- WHAT YOU WILL DO -
In your reply, repeat the full listing exactly and leave each picture out.

- THE DATA -
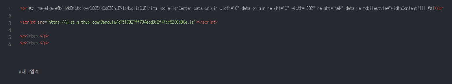 3) 원하는 자리에 gist Embed URL을 붙여넣기합니다.
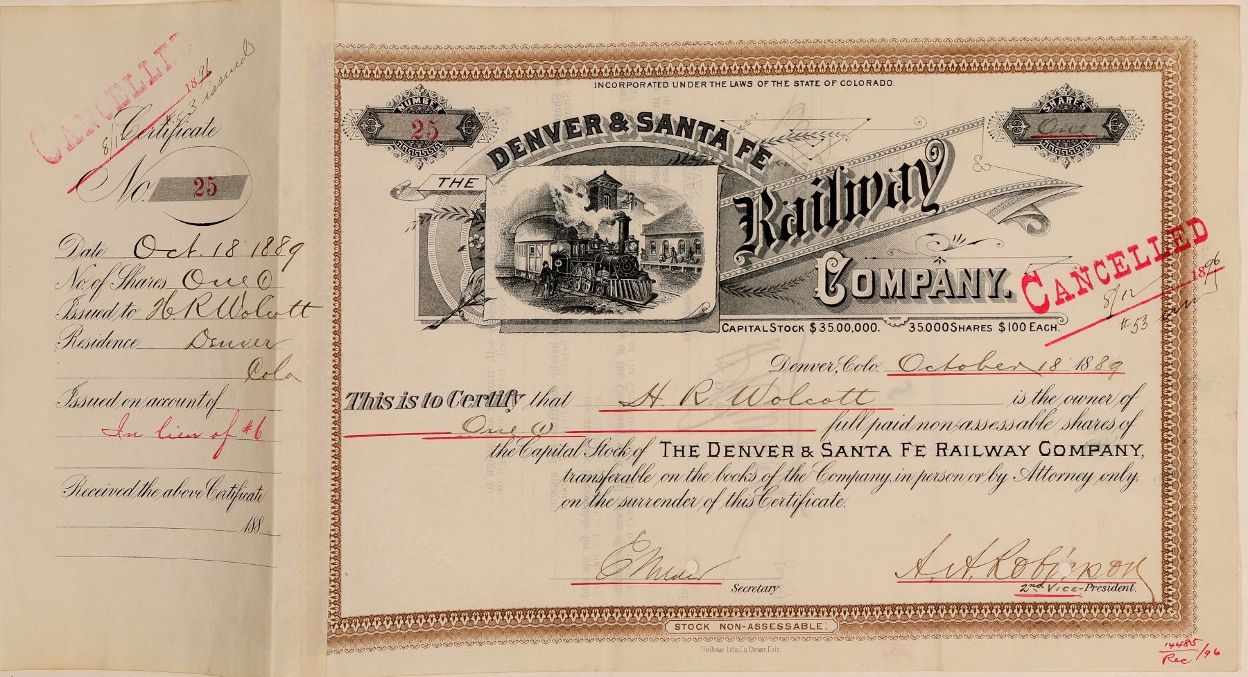 Stock Certificate from the Denver & Santa Fe Railway Co. Stock. Incorporated in 1887 in State of Colorado. Certificate number 25 issued on October 8, 1889 to H. R. Woolcott. Signed by A. A. Robinson (2nd Vice President), and E. Mulder (?). Printed by The Denver Litho Co. Denver, Colo. Size 12 by 8 inches. In nice condition. Canceled. Nice vignette of train at the station, ornate border in light brown, cancelled with date stamp 8/12/96, handwritten note "#53 issued" and punch holes over signatures. Witness signature on reverse is Betts. Very good condition. Issued to Henry R. Wolcott, well known capitalist, prominent businessman, industrialist, and highly influential banking and mining interest in Colorado, New York and throughout the West. Wolcott managed the Boston and Colorado Smelting Works at Blackhawk, was given charge of the Alma plant and Argo plant, and became the treasurer of the Colorado Smelting and Mining Company. He was elected Director of the Equitable Life Assurance Society and instrumental in the construction of the Boston building and the Equitable building in Denver. Wolcott was Vice President of the First National Bank of Denver for over a decade, Vice President of the Colorado Fuel & Iron Company for several years and also President of the Colorado Telephone Company. He helped secure Fort Logan as a military post for Denver and was an organizer and charter member of the Denver Club, acting as President for many years. Wolcott was educated in Providence, Rhode Island and Cleveland, Ohio and earned a Masters of Arts Degree from both Yale University and Colorado College. Because of his generous contributions to public eduction the Wolcott Medal for Excellence in public reading was established for the young ladies of the East Denver High School. Gilpin county elected Wolcott Senator in 1878 at the same time his brother, Edward Oliver Wolcott, was representing Clear Creek county in the General Assembly. Henry R. Wolcott was elected President Pro Tern and during his term served as acting governor of Colorado. Wolcott was a member of the Union League, University Clubs of NY, the Racquet and Tennis, Brook, Lambs, New York Yacht and Larchmont Yacht Clubs of New York; the Atlantic Yacht, the Manhasset, the Tavern Clubs of Boston; the Metropolitan Club of Washington; and the Denver and University Clubs of Denver. ("History of Colorado", edited by Wilbur Fisk Stone, published by The S. J. Clarke Publishing Co. 1918 Vol. II)
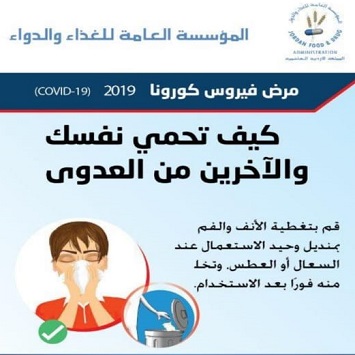أصدرت المؤسسة العامة للغذاء والدواء، رسائل توعوية للوقاية من فيروس كورونا. وتاليا الرسائل التوعوية كما نشرتها المؤسسة:

- WRITTEN RESPONSE -
 3) 원하는 자리에 gist Embed URL을 붙여넣기합니다.
 Stock Certificate from the Denver & Santa Fe Railway Co. Stock. Incorporated in 1887 in State of Colorado. Certificate number 25 issued on October 8, 1889 to H. R. Woolcott. Signed by A. A. Robinson (2nd Vice President), and E. Mulder (?). Printed by The Denver Litho Co. Denver, Colo. Size 12 by 8 inches. In nice condition. Canceled. Nice vignette of train at the station, ornate border in light brown, cancelled with date stamp 8/12/96, handwritten note "#53 issued" and punch holes over signatures. Witness signature on reverse is Betts. Very good condition. Issued to Henry R. Wolcott, well known capitalist, prominent businessman, industrialist, and highly influential banking and mining interest in Colorado, New York and throughout the West. Wolcott managed the Boston and Colorado Smelting Works at Blackhawk, was given charge of the Alma plant and Argo plant, and became the treasurer of the Colorado Smelting and Mining Company. He was elected Director of the Equitable Life Assurance Society and instrumental in the construction of the Boston building and the Equitable building in Denver. Wolcott was Vice President of the First National Bank of Denver for over a decade, Vice President of the Colorado Fuel & Iron Company for several years and also President of the Colorado Telephone Company. He helped secure Fort Logan as a military post for Denver and was an organizer and charter member of the Denver Club, acting as President for many years. Wolcott was educated in Providence, Rhode Island and Cleveland, Ohio and earned a Masters of Arts Degree from both Yale University and Colorado College. Because of his generous contributions to public eduction the Wolcott Medal for Excellence in public reading was established for the young ladies of the East Denver High School. Gilpin county elected Wolcott Senator in 1878 at the same time his brother, Edward Oliver Wolcott, was representing Clear Creek county in the General Assembly. Henry R. Wolcott was elected President Pro Tern and during his term served as acting governor of Colorado. Wolcott was a member of the Union League, University Clubs of NY, the Racquet and Tennis, Brook, Lambs, New York Yacht and Larchmont Yacht Clubs of New York; the Atlantic Yacht, the Manhasset, the Tavern Clubs of Boston; the Metropolitan Club of Washington; and the Denver and University Clubs of Denver. ("History of Colorado", edited by Wilbur Fisk Stone, published by The S. J. Clarke Publishing Co. 1918 Vol. II)
أصدرت المؤسسة العامة للغذاء والدواء، رسائل توعوية للوقاية من فيروس كورونا. وتاليا الرسائل التوعوية كما نشرتها المؤسسة:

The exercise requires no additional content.